# "Thicker" Manaka Hamono Blue #1 240mm Gyuto



## OkLobster (Feb 19, 2022)

I was about to post a mini-review in the new knife day (NKD) thread since I'm lazy but here's to doing a service for the community.

*Introduction:*

A rabbit hole in a rabbit hole. This started with browsing BST one day when I noted a Manaka 210mm Gyuto was up for sale. I wasn’t quite a fan of Manaka at first (with the tsuchime finish being a turn off for me) but something intrigued me and I checked out a few vendors.
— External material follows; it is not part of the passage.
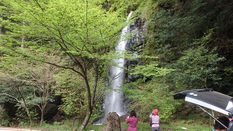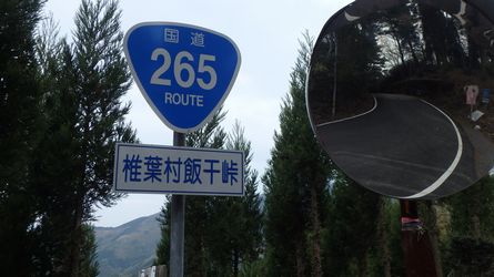 | ▼飯干峠は休憩広場になっています。 | ▼国道265号沿いの『野地の滝』です。 | |

I’m a sucker for “workhorse” knives and when I learned that Miura stocked a “thicker” variant of the 240 well… that’s how this review was born.

*Measurements:*

I would probably get dogged to death for posting a review without measurements so I finally procured the tools.

Overall Length: 405mm
Blade Length: 240mm
Blade Height: 55.5mm
Blade Thickness: 5mm
Weight: 305g

*F&F: *

The spine isn't mirror polished but it is smooth and has a unique iridescent sheen which I haven't seen in any other knife. There is a bit of "wabi sabi" on the spine (and I would be annoyed with other knives) but it adds to the character of the finish. The choil is well finished and doesn't have any points that would pose an issue with extended use. In terms of the handle installation, the job is well done with flush adhesive (opposed to some makers e.g. Watanabe, TF who will do a sloppy job). The handle itself is good and I'm all but certain this is the same maker that Takada no Hamono uses — feel and looks are both the same from memory. 

*Cutting performance:*

I am no expert on grinds etc. so I will leave the photos to do the talking. This knife has a similar character IMO to my old TF Denka where it simply wants to cut through everything. I found the cutting feedback to be great and this has taken over daily duties for the most part. Other knives will cut better (e.g. Denka albeit it is much thinner) but make no mistake, the Manaka is still good.

*Takeaway: *

Who is the Manaka for? I would say that it is for someone who values fit and finish with good cutting ability. This sounds rather cliche, but there’s only so many ways you can describe a knife. A similar knife in this price range off my head is the Watanabe/Toyama “duo”. I actually briefly owned a Toyanabe which cut well but I wasn’t sure where it’d fit in my rotation. It cut well but I owned other knives that were just as good and the fit and finish was simply OK. For the price, I would actually recommend the Manaka over the Watayama. There are definitely other knives which I have left out (from not having tried them) but workhorse wise… the Manaka is the clear winner in my book.


----------



## Bensonhai (Feb 21, 2022)

Cuts right into cutting boards


----------